*** DATA SUPPLIED Section Begins ***
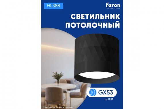 Технические характеристики FERON hl388 gx53 12w 230v, черный 48802
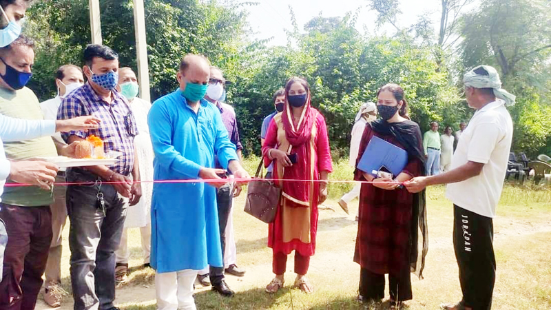 Ex-Minister and BJP general secretary, Dr D.K Manyal laying foundation stone of Community Hall at Purmandal on Thursday. -Excelsior/Badyal
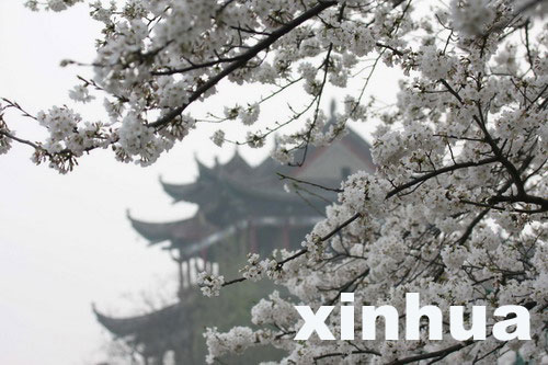 盛開的櫻花與晴川閣相映成景(3月22日)隨著氣溫轉暖,武漢的櫻花進入盛花期,吸引了眾多游人踏春賞花。李理 攝
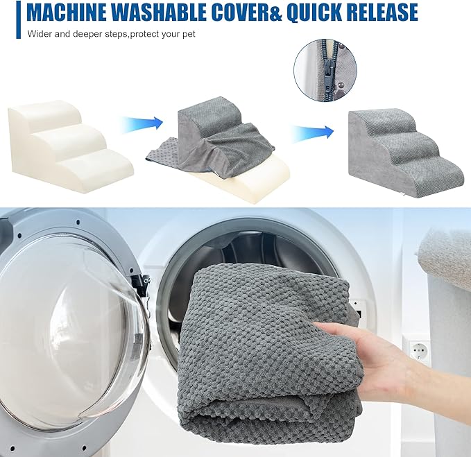 - Easy to Install and Clean: This pet step is 23.6 inches long, 16 inches wide and 15 inches high. It can be assembled and disassembled through simple steps. It is easy to clean. You can wash the removed cover by machine to keep the pet step clean and tidy
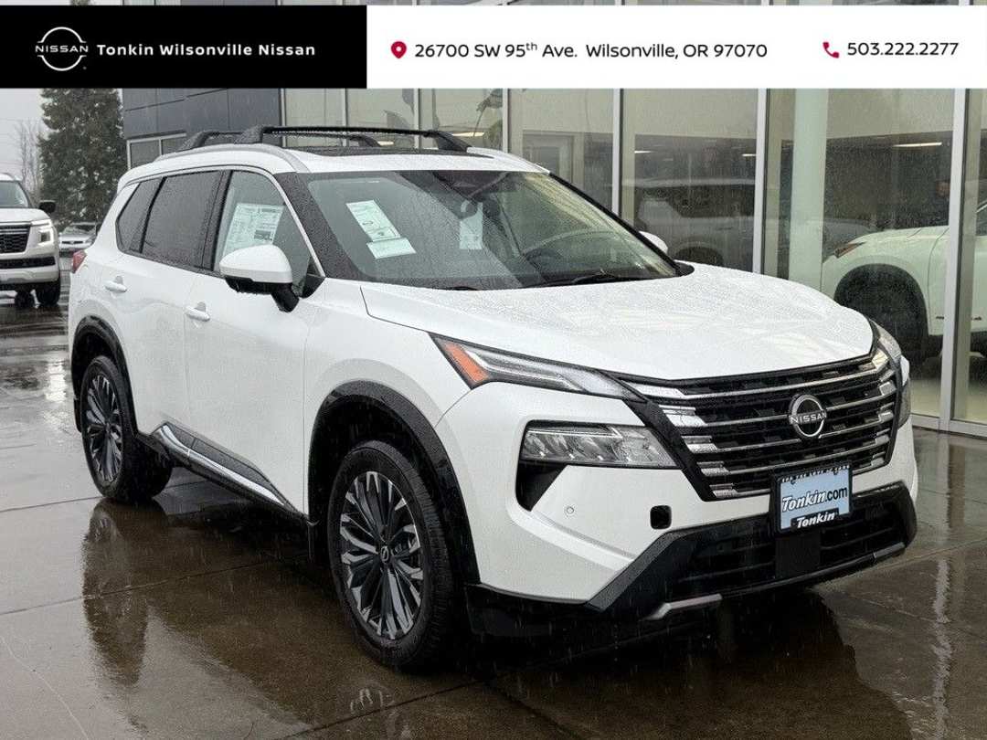 2026 Rogue Nissan Platinum Everest White Pearl/Super Black 1.5L DOHC AWD 28/35 City/Highway MPG AWD, 10 Speakers, 4-Wheel Disc Brakes, ABS brakes, Air Conditioning, Alloy wheels, AM/FM radio: SiriusXM w/360L, Auto High-beam Headlights, Auto-dimming Rear-View mirror, Automatic temperature control, Black Splash Guards (set of 4), Bose Premium Audio System, Brake assist, Bumpers: body-color, Chrome Rear Bumper Protector, Delay-off headlights, Driver door bin, Driver vanity mirror, Dual front impact airbags, Dual front side impact airbags, Electronic Stability Control, Emergency communication system: NissanConnect Services, First Aid Kit, Floor Mats with 2-Piece Cargo Area Protector, Four wheel independent suspension, Front anti-roll bar, Front Bucket Seats, Front Center Armrest, Front dual zone A/C, Front reading lights, Fully automatic headlights, Garage door transmitter: myQ Connected Garage, Head-Up Display, Heads-Up Display, Heated door mirrors, Heated Front Bucket Seats, Heated front seats, Heated Rear Seats, Heated steering wheel, Illuminated entry, Knee airbag, Low tire pressure warning, Memory seat, Motion-Activated Power Liftgate, Navigation system: Google Maps, Occupant sensing airbag, Outside temperature display, Overhead airbag, Overhead console, Panic alarm, Passenger door bin, Passenger vanity mirror, Platinum Premium Package, Power door mirrors, Power driver seat, Power Liftgate, Power moonroof, Power passenger seat, Power steering, Power windows, Premium Paint with Two-Tone, Quilted Semi-Aniline Leather-Appointed Seat Trim, Radio data system, Radio: AM/FM NissanConnect with Navigation, Rear anti-roll bar, Rear reading lights, Rear seat center armrest, Rear side impact airbag, Rear window defroster, Rear window wiper, Remote keyless entry, Roof Rail Cross Bars, Security system, Speed control, Speed-sensing steering, Speed-Sensitive Wipers, Split folding rear seat, Spoiler, Steering wheel mounted audio controls, Tachometer, Telescoping steering wheel, Tilt steering wheel, Traction control, Tri-Zone Automatic Temperature Control, Trip computer, Turn signal indicator mirrors, Variably intermittent wipers, Wheels: 19" Unique Dark Painted Aluminum Alloy, Wireless Apple CarPlay/Wireless Android Auto, AWD. Price includes: $3500 - Nissan Customer Cash. Exp. 03/31/2026
*** DATA SUPPLIED Section Ends ***
**WHAT IS NEEDED**
Only the lines from the start of the records through the line containing "- Easy to Install" should be repeated, word for word, with the pictures left out.

**RESPONSE TO THIS EXERCISE**
 Технические характеристики FERON hl388 gx53 12w 230v, черный 48802
 Ex-Minister and BJP general secretary, Dr D.K Manyal laying foundation stone of Community Hall at Purmandal on Thursday. -Excelsior/Badyal
 盛開的櫻花與晴川閣相映成景(3月22日)隨著氣溫轉暖,武漢的櫻花進入盛花期,吸引了眾多游人踏春賞花。李理 攝
 - Easy to Install and Clean: This pet step is 23.6 inches long, 16 inches wide and 15 inches high. It can be assembled and disassembled through simple steps. It is easy to clean. You can wash the removed cover by machine to keep the pet step clean and tidy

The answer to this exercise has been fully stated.